▸ **Work task**:
Within the records below is a range that opens at the line with "Disturbing footage shows" and closes at the line with "12月7日下午三时,秋颂杯辩". Return that range word for word, both ends included, and only that range.

▸ **Input**:
-- Opening Marker --

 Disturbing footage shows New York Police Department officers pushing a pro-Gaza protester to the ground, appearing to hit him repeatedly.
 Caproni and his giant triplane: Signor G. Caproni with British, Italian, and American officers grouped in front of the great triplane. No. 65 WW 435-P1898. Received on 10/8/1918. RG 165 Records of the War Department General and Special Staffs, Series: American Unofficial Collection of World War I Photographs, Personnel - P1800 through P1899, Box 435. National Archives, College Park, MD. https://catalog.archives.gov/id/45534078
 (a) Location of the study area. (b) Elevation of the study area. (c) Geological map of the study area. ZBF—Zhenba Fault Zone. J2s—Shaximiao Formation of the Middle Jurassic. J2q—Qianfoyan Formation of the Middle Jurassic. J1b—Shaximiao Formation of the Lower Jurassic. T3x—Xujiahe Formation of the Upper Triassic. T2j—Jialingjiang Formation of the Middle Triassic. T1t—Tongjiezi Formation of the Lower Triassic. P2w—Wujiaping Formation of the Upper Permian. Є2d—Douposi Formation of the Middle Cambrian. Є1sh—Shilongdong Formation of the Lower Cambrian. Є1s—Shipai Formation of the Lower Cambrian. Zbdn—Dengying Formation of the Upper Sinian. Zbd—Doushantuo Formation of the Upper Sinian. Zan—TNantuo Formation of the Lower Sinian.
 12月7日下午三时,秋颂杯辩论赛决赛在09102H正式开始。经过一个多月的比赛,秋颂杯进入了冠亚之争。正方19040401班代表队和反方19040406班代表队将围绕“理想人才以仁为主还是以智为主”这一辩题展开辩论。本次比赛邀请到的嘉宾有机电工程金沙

-- Closing Marker --
-- Opening Marker --

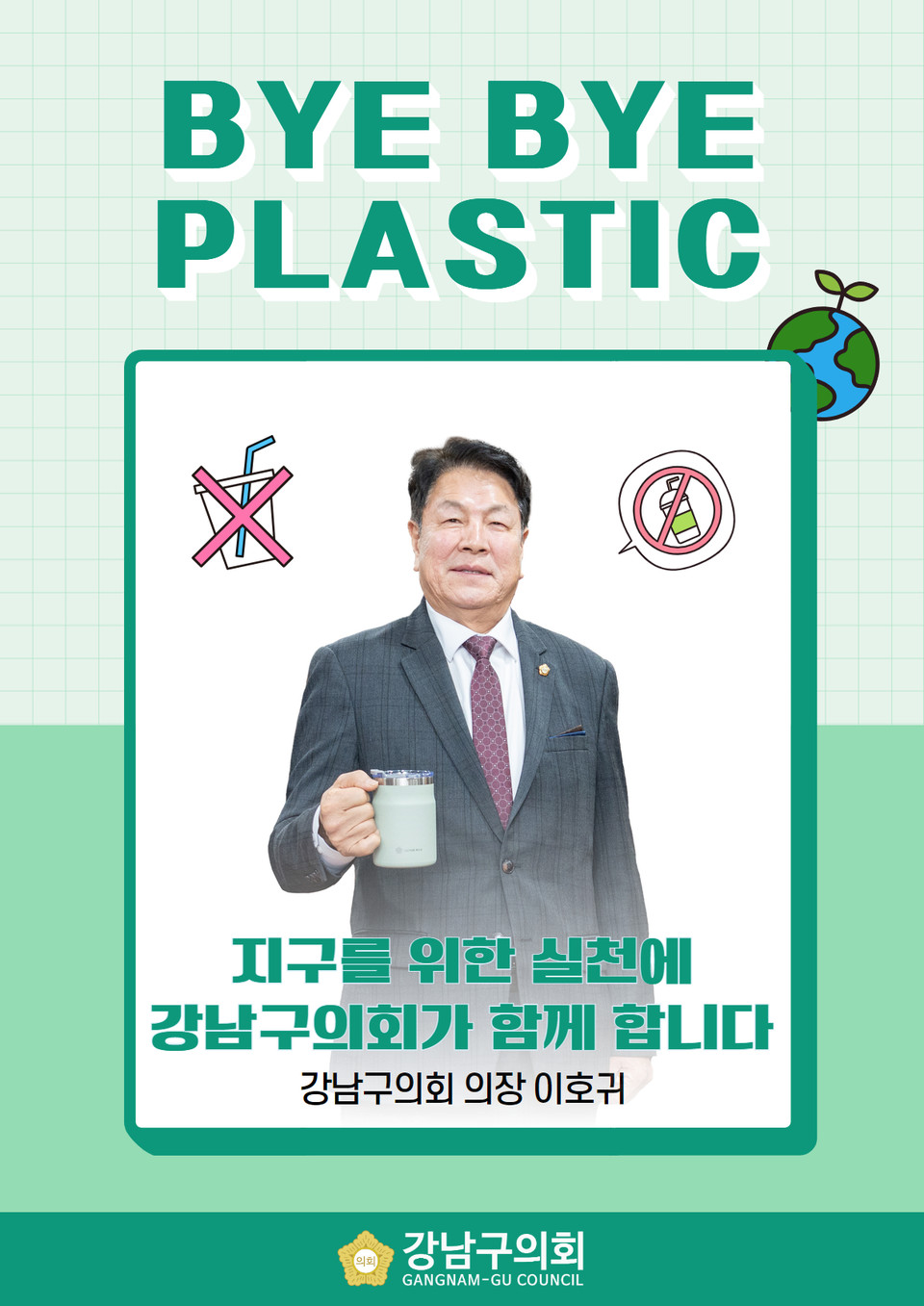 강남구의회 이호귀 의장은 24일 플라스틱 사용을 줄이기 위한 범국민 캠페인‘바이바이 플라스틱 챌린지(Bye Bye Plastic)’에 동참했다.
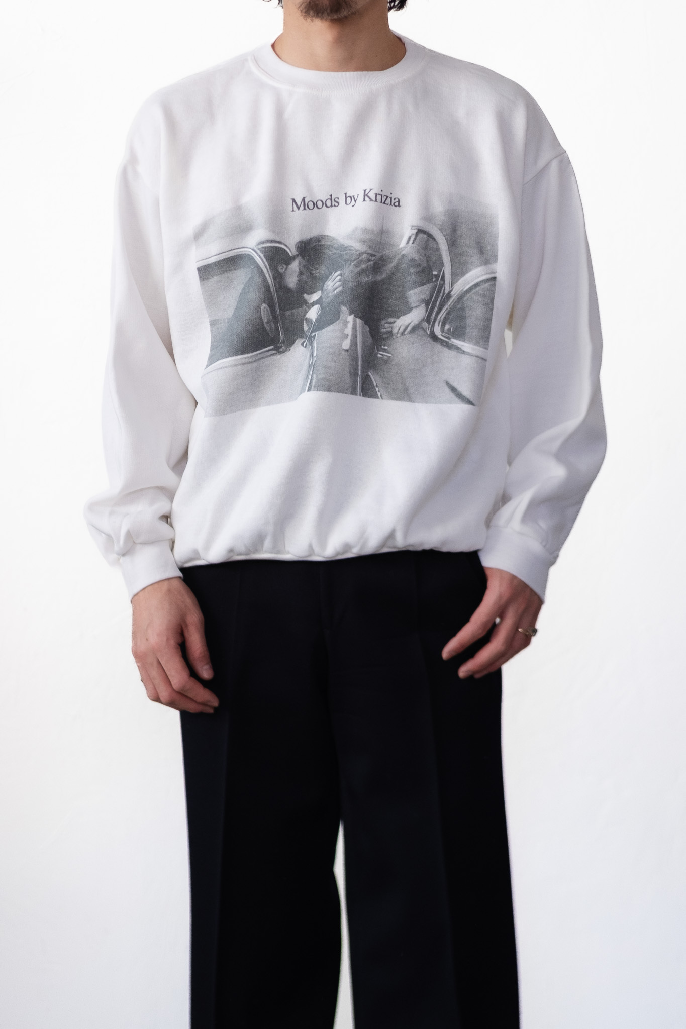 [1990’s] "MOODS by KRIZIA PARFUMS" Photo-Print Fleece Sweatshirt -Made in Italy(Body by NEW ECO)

-- Closing Marker --
-- Opening Marker --

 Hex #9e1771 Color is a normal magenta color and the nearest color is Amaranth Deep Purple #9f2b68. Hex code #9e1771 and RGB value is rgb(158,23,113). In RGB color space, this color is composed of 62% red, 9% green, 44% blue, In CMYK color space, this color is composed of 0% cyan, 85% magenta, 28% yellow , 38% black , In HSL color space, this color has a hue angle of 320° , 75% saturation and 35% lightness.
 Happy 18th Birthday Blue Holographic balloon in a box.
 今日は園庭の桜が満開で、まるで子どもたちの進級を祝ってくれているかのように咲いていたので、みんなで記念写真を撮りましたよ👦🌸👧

-- Closing Marker --

▸ **Written answer**:
 Disturbing footage shows New York Police Department officers pushing a pro-Gaza protester to the ground, appearing to hit him repeatedly.
 Caproni and his giant triplane: Signor G. Caproni with British, Italian, and American officers grouped in front of the great triplane. No. 65 WW 435-P1898. Received on 10/8/1918. RG 165 Records of the War Department General and Special Staffs, Series: American Unofficial Collection of World War I Photographs, Personnel - P1800 through P1899, Box 435. National Archives, College Park, MD. https://catalog.archives.gov/id/45534078
 (a) Location of the study area. (b) Elevation of the study area. (c) Geological map of the study area. ZBF—Zhenba Fault Zone. J2s—Shaximiao Formation of the Middle Jurassic. J2q—Qianfoyan Formation of the Middle Jurassic. J1b—Shaximiao Formation of the Lower Jurassic. T3x—Xujiahe Formation of the Upper Triassic. T2j—Jialingjiang Formation of the Middle Triassic. T1t—Tongjiezi Formation of the Lower Triassic. P2w—Wujiaping Formation of the Upper Permian. Є2d—Douposi Formation of the Middle Cambrian. Є1sh—Shilongdong Formation of the Lower Cambrian. Є1s—Shipai Formation of the Lower Cambrian. Zbdn—Dengying Formation of the Upper Sinian. Zbd—Doushantuo Formation of the Upper Sinian. Zan—TNantuo Formation of the Lower Sinian.
 12月7日下午三时,秋颂杯辩论赛决赛在09102H正式开始。经过一个多月的比赛,秋颂杯进入了冠亚之争。正方19040401班代表队和反方19040406班代表队将围绕“理想人才以仁为主还是以智为主”这一辩题展开辩论。本次比赛邀请到的嘉宾有机电工程金沙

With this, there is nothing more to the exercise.